Your copy should run exactly from the line containing "1、进入智能页点右上角【+】,进入添加设备界面,启动设备添加流程。" to the last line of the entries below, and it should include no pictures.
** Provided records follows **
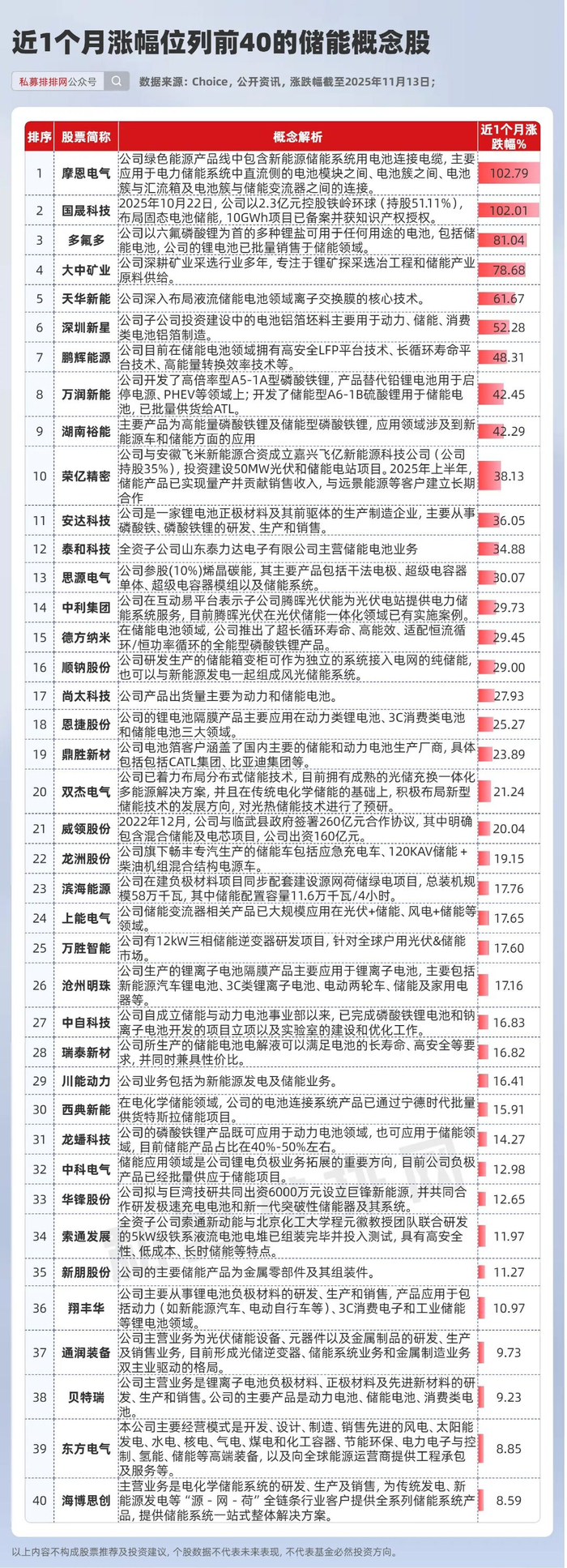 因此,笔者在新型储能概念的核心A股公司中,整理出近1个月涨幅居前40的公司,以供大家参考。
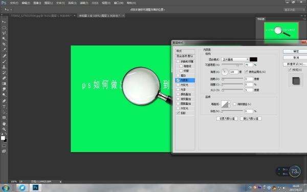 7、雙擊調出“圖層樣式”,添加“內發光”、“投影”等效果;
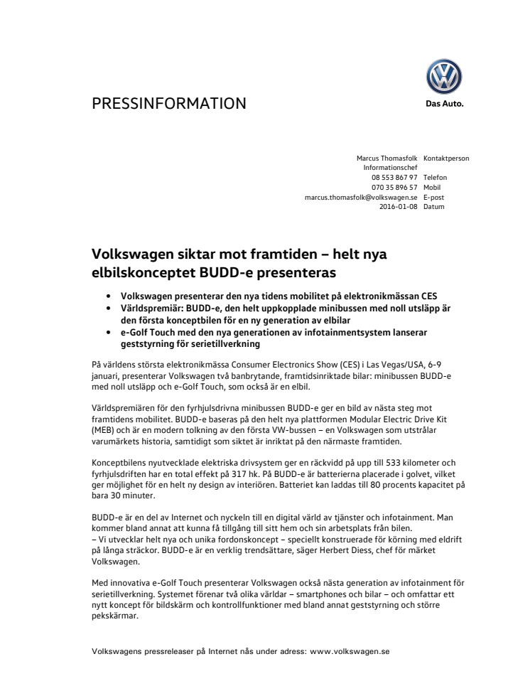 - Världspremiär: BUDD-e, den helt uppkopplade minibussen med noll utsläpp är den första konceptbilen för en ny generation av elbilar
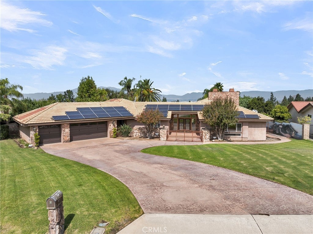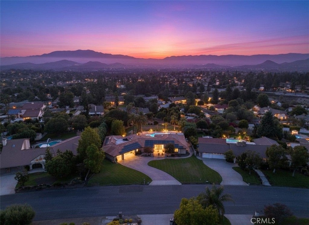 Sited on an elevated lot in Hillcrest, this sprawling single-story residence captures panoramic views over Downtown Riverside and the surrounding mountains, while offering a rare combination of privacy and open space. A stained and stamped driveway, flanked by mature landscaping, descends to a gated front courtyard. Inside, spacious living areas are accented by arched entryways, two stone fireplaces, and rich finishes. Large picture windows are thoughtfully placed, allowing the views to be omnipresent throughout the larger balance of the home. The open kitchen serves as the heart of the home, featuring granite countertops, a center island with gas cooktop, custom cabinetry, breakfast bar, and a dining niche. From here, expansive windows overlook the resort-style backyard, sweeping views, and mature landscape. The floorplan unfolds down a central hallway, flowing seamlessly between formal and informal spaces. Lovingly cared for, and thoughtfully enhanced, by the same owners for the past 40 years, this property reflects a sincere pride of ownership. The primary suite is a true retreat, highlighted by a uniquely spacious dressing room with built-in custom cabinetry and organizers, vanity station, and a center island of large drawers. Additional bedrooms and flex spaces provide versatile options for guests, a home office, or multi-generational living. Outdoors, a sparkling pool and spa take full advantage of the elevated vantage point, surrounded by manicured grounds designed for relaxation and entertaining. The raised spa is centrally located closer to the residence, both enhancing the views and integrating it into the social gathering areas for a seamless entertainment space. Just off the pool deck, an attached pool house offers a convenient ¾ bath for guests. A ribbon of lawn cascades down to the lower tier of the yard and connects with mature trees and bushes, completing the lot. Other notable features include an oversized 3-car garage, paid solar power system, and a generous .71 acre lot that feels tucked away yet is near local amenities, freeway access, University California at Riverside, and Downtown.
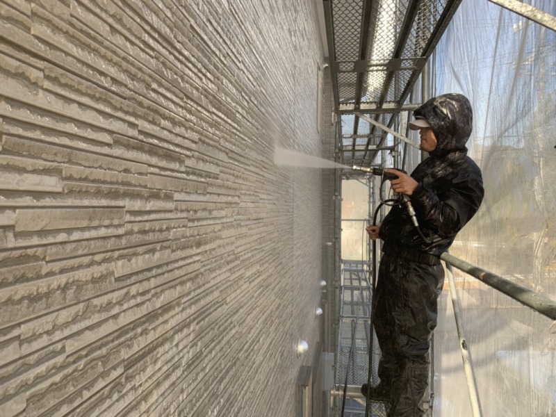 高圧洗浄でチョーキング・汚れ・コケなどをしっかりと洗っていきます。高圧洗浄を丁寧に行わないと仕上げが悪くなったり、耐久性が悪くなるため、注意が必要です。
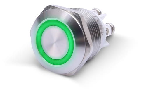 ALPHA ELETTRONICA - Pulsante momentaneo antivandalo ø19mm luminoso Verde - 24V - 1P - SPST - OFF/(ON) - N.A. - 5A@250Vac - 4 term. vite 330-060-4
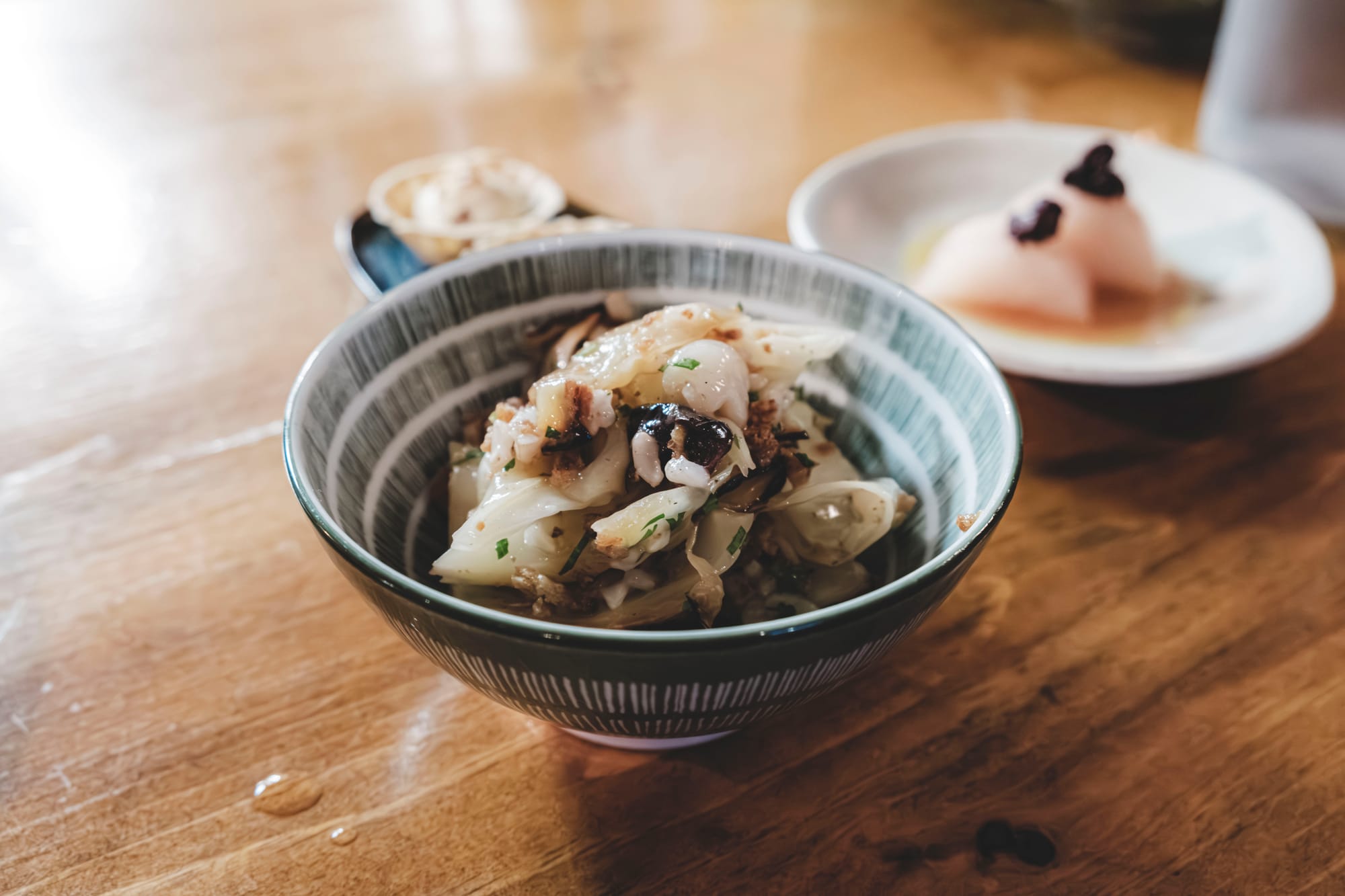 The charred cabbage salad, daikon umeboshi, tartlet with chutney, and tater tot came as a petit-fours to whet the taste buds and begin the escalation into vegan nirvana. Little bites of vegan heaven to kick things off. That cabbage salad had this crunchy, smoky goodness that had me hooked from the start.
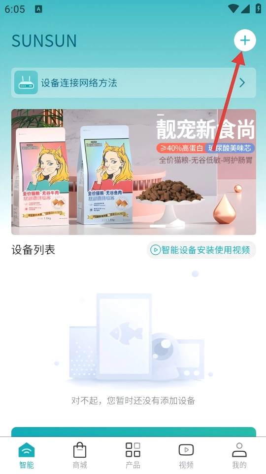 1、进入智能页点右上角【+】,进入添加设备界面,启动设备添加流程。
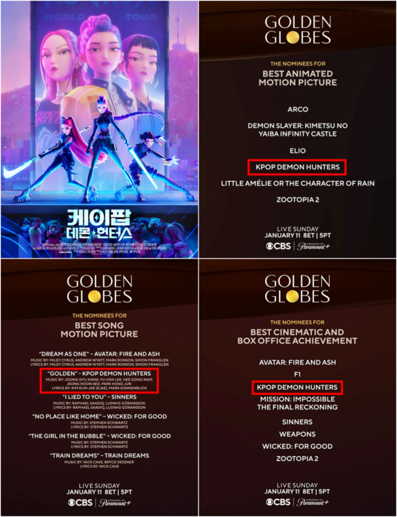 글로벌 콘텐트계 새 역사를 쓴 '케이팝 데몬 헌터스'가 골든글로브의 부름을 받았다.
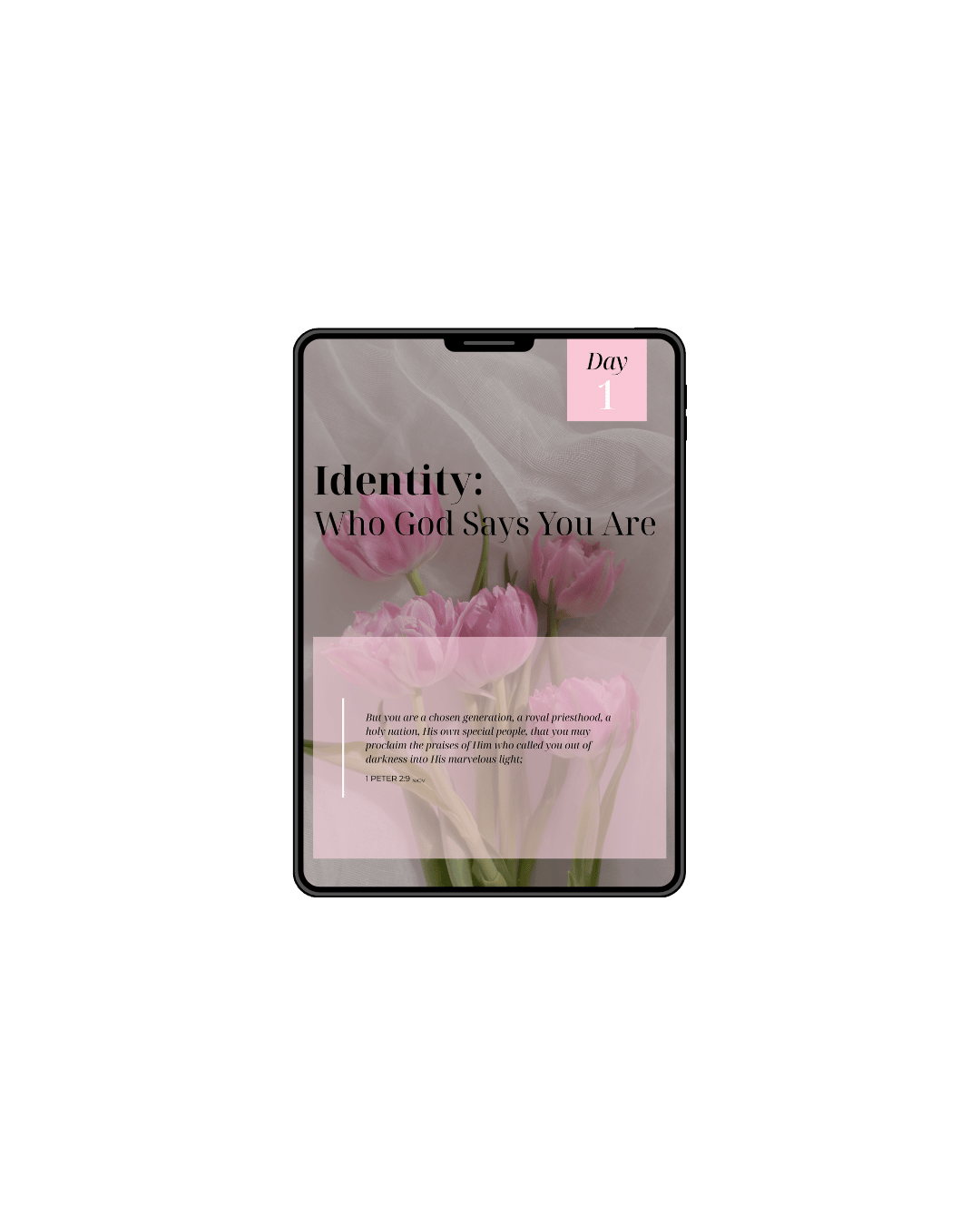 This free sample gives you Day 1 of Identity Restored which includes teaching from 1 Peter 2:9, reflection questions, and a practical action step you can do today
** End of Provided records **
* **Result**:
 1、进入智能页点右上角【+】,进入添加设备界面,启动设备添加流程。
 글로벌 콘텐트계 새 역사를 쓴 '케이팝 데몬 헌터스'가 골든글로브의 부름을 받았다.
 This free sample gives you Day 1 of Identity Restored which includes teaching from 1 Peter 2:9, reflection questions, and a practical action step you can do today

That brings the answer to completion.